近年、抗PD-1抗体などの免疫チェックポイント阻害剤を用いたがん免疫療法の有効性が明らかになり、様々ながんに適用が広がるとともに新たな免疫チェックポイント阻害剤の開発も進んでいます。しかしながら、すべての患者さんに免疫チェックポイント阻害剤の効果がみられるというわけではないため、効果が期待できるかどうかを治療前に把握することは重要です。現状のPD-L1染色診断法では免疫チェックポイント阻害剤の効果予測診断能は十分とはいえず、より感度・特異度の高い診断法の開発が望まれています。

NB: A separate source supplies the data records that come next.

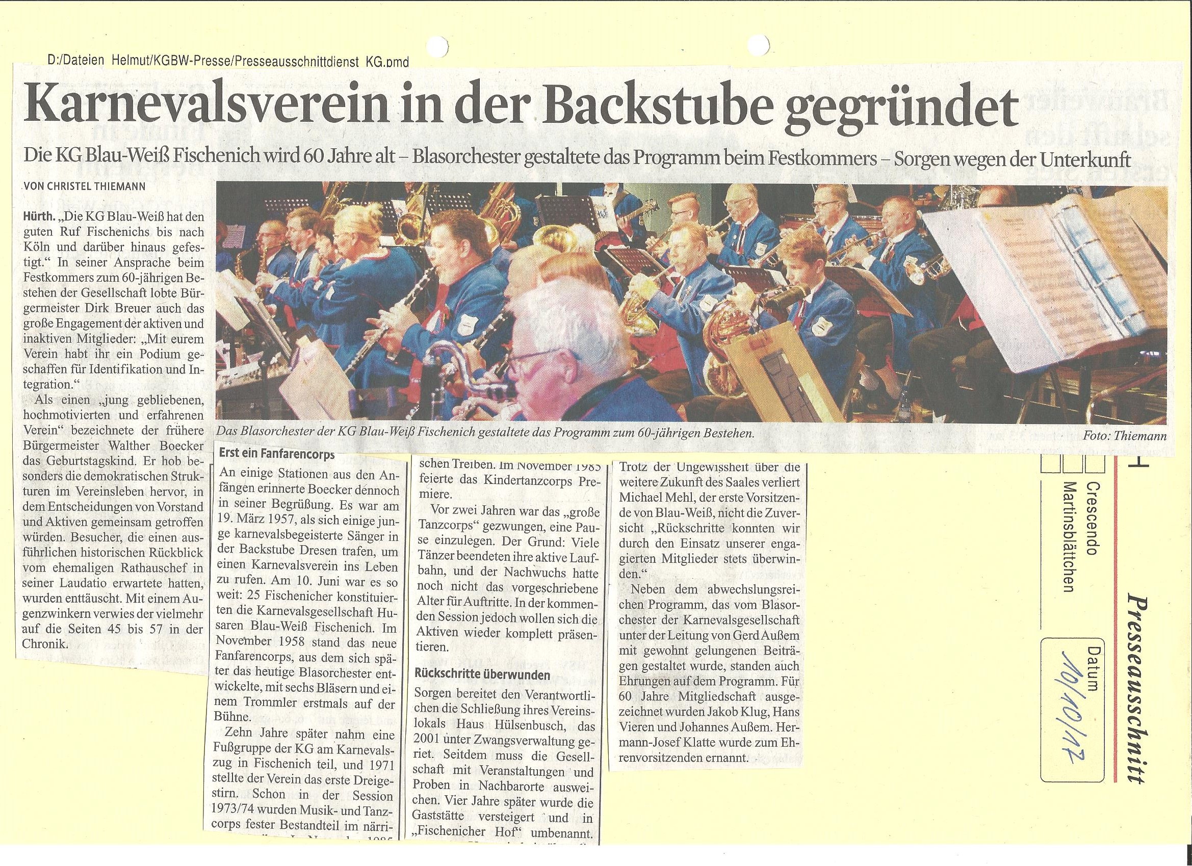 Die Jubiläumsveranstaltungen zu unserem 60-jährigen Vereinsjubiläum begannen am Samstag 7. Oktober im Feierabendhaus Hürth-Knapsack mit einem “Karnevalistischen Benefizkonzert“. Mitwirkende waren das Rednerduo Willi & Ernst, die Kölner Mundartgruppe Räuber sowie das Blasorchester und die Tanzgruppen der KG Blau-Weiß Fischenich. Durch das abwechslungsreiche Programm führte schlagfertig und gut gelaunt Bürgermeister Dirk Breuer.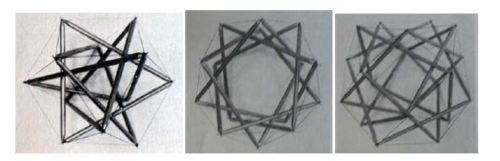Motro discusses Anthony Pugh's nucleated models. He wrote, "A first one comprised four triangular compressed components inside a net of tensile ones. The overall geometry was organized according to a cuboctahedron, one of the semi regular polyhedra. The second model was very surprising since the struts constituted a single circuit with 15 nodes and 15 compressed components. For this model, the cables are the edges of a polyhedron with two pentagonal bases. The third one is a twenty-strut four-layer circuit pattern system. There are represented on Figure 15. This presentation concerns only the second cell."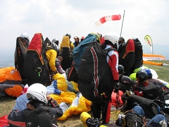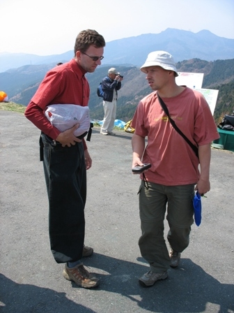 Na přistávačce je opět veselo. Tíhu vyhnívky jeden japonský závodník neunesl a válí se tu smíchy na zemi. Celých sedm minut dolů!!! Peťule čtyři a Renča dokonce tři minuty. Zatímco zevlujeme, Robert Bernát je stále ve spojení na megadlouhé vysílačce s Rafalem Luckoszem. Partička je už na 40. kilometru. Většině spadly koutky. Pro uznání tasku je potřeba, aby ze 120 pilotů 30 závodníků uletělo minimální vzdálenost 30 km. Utěšujeme se slovy: "Lepší je si zkazit náladu na začátku sezóny, pak už není co zhoršit, jen vylepšovat."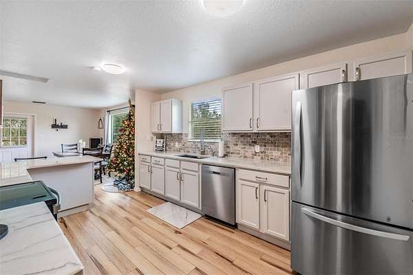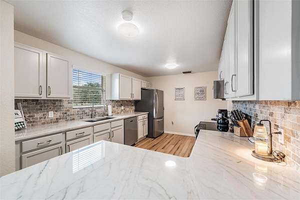LOCATION. LOCATION, LOCATION!!! Craving a little space? Looking to build your own FAMILY COMPOUND or simply escape the tract home life? Situated perfectly BETWEEN TAMPA & ORLANDO yet off the beaten path, This beautifully UPGRADED 2 bedroom cutie is located in Plant City, FL sits on 5 usable ACRES with a DETACHED 3 CAR GARAGE & SHOP! The home was built in 2004 and is a very spacious 1200 sq. foot with 2 HUGE BEDROOMS, 1 SPACIOUS BATHROOM and 1 FULL BATHROOM DOWNSTAIRS in the barn area, great room and GORGEOUS REMODELED KITCHEN! Each end opens up to a 20x12 COVERED DECK for coffee in the morning and cocktails in the evening.
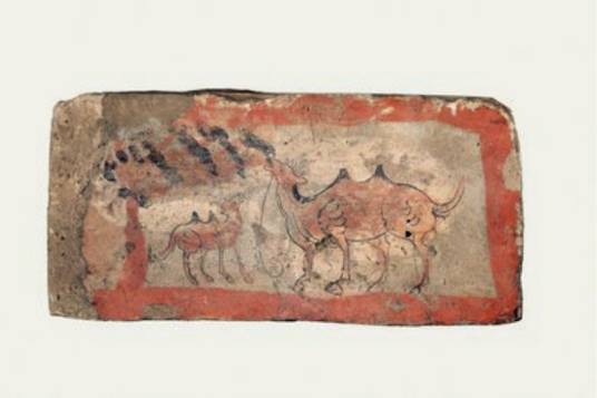“双驼图”壁画砖为魏晋时期墓葬文物,出土于甘肃省嘉峪关市魏晋1号墓,现藏于甘肃省博物馆。该壁画砖呈长方形,长35.5厘米,宽16.7厘米,厚5厘米。砖面中央绘大小两只骆驼,左侧绘有大树一棵。大骆驼呈昂首伸颈姿态,作啃食树叶状。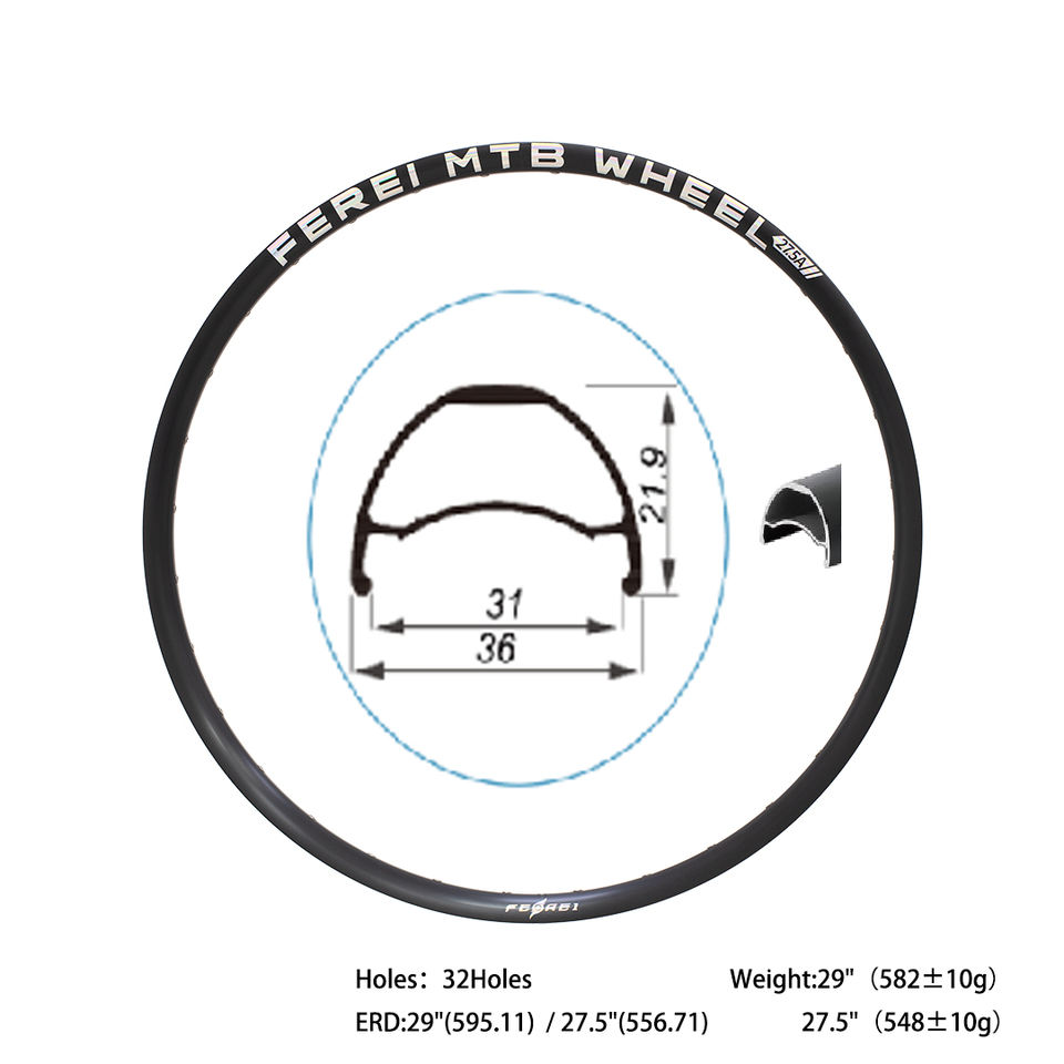 Rueda de Freno de Disco Ferei 27.5/29 de Alta Resistencia AH, 32 Orificios, Aleación de Aluminio de Doble Capa, Ancho de Aro de 30 mm, Clincher/TUBELESS, Delantera/Trasera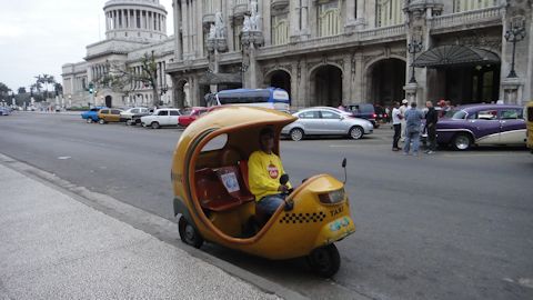 てんとう虫のような3輪タクシー。爽やかニーちゃん。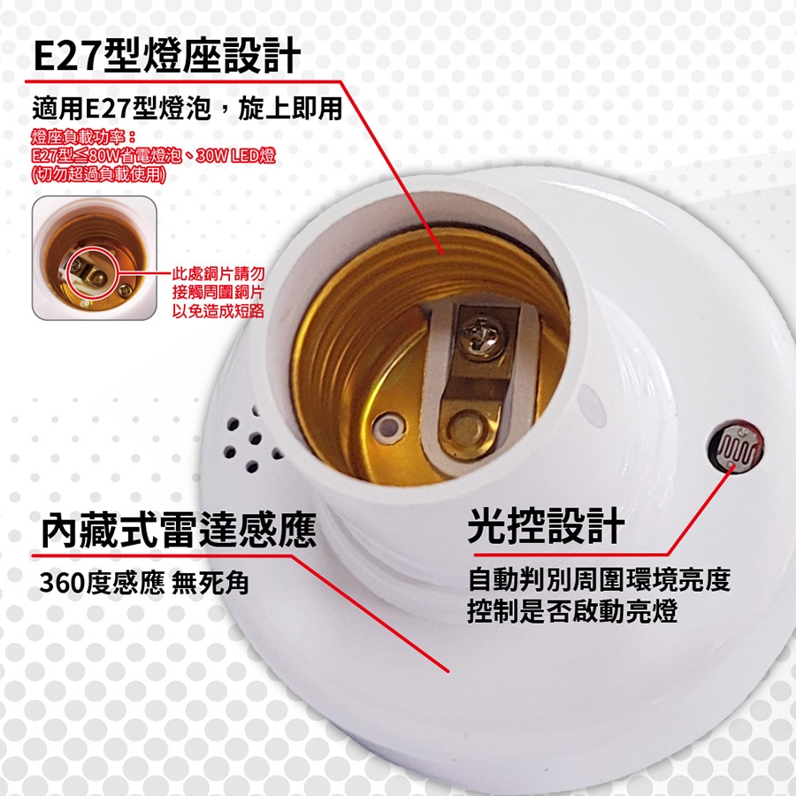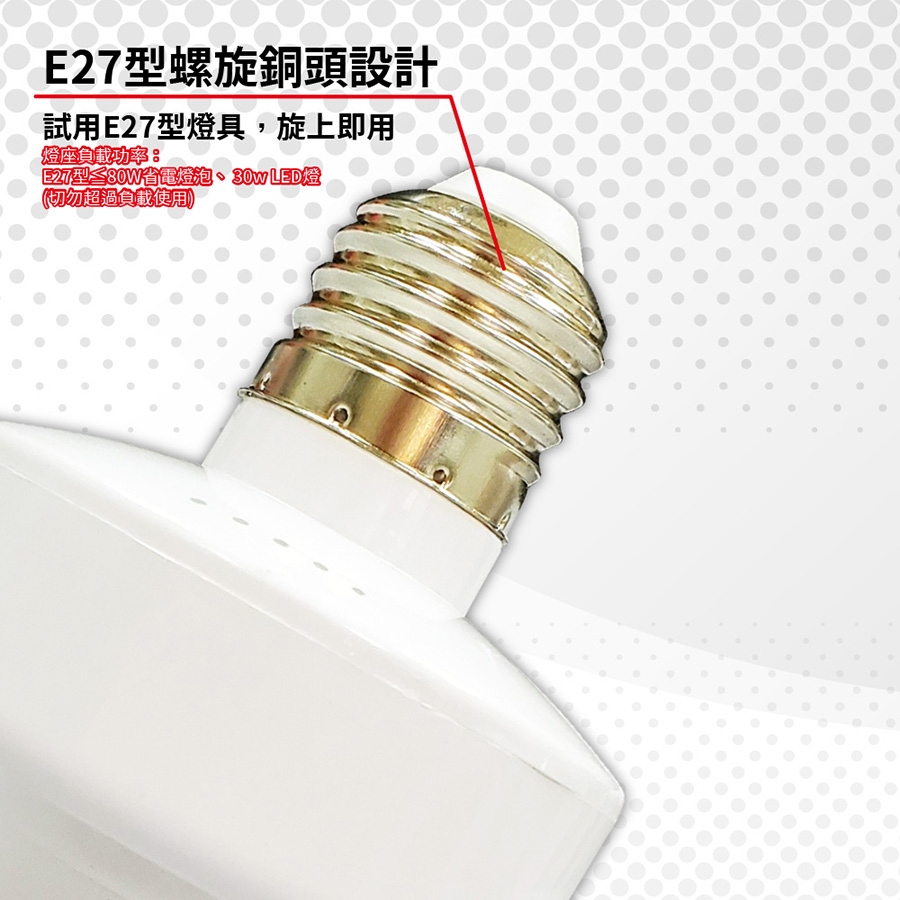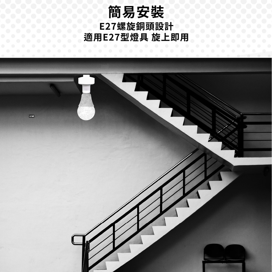 安裝簡單無需配線,適用各E27銅頭型燈泡:LED燈泡,省電燈泡…等。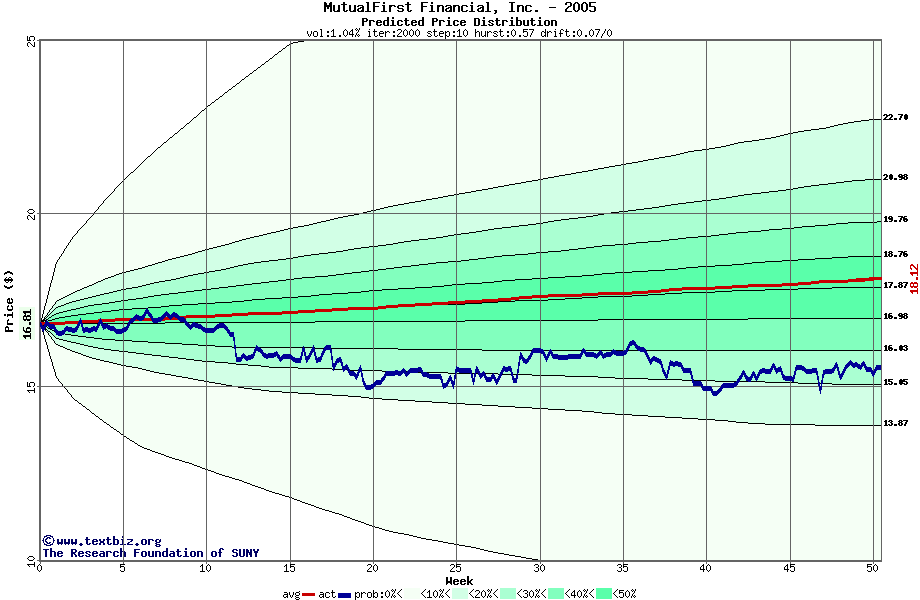 The following graph plots the year-to-date performance of the stock for 2005 compared to the probability calculated by a random walk model.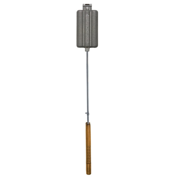 Dog n’ Brat Cooker – Cast Iron. Gietijzeren tang om worstjes boven een vuur warm te maken.
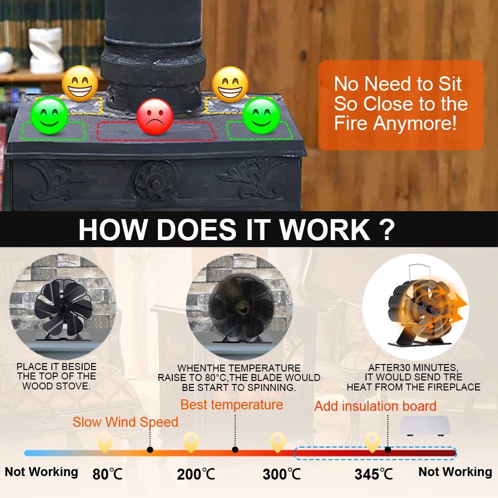Ce ventilateur de cheminée ne nécessite ni piles ni électricité et est alimenté en convertissant la chaleur en énergie, ce qui est respectueux de l'environnement et efficace.

本診断法はがん免疫療法の重要な作用点であるT細胞のがん細胞傷害活性を直接測定する機能解析法という特徴を有しており、末梢血で診断可能なことから患者への負担も軽い検査方法となっています。
本研究では、事業会社と連携して診断薬キット化を進めており、今後は臨床性能試験を進め免疫チェックポイント阻害剤のコンパニオン診断薬としての実用化を目指しています。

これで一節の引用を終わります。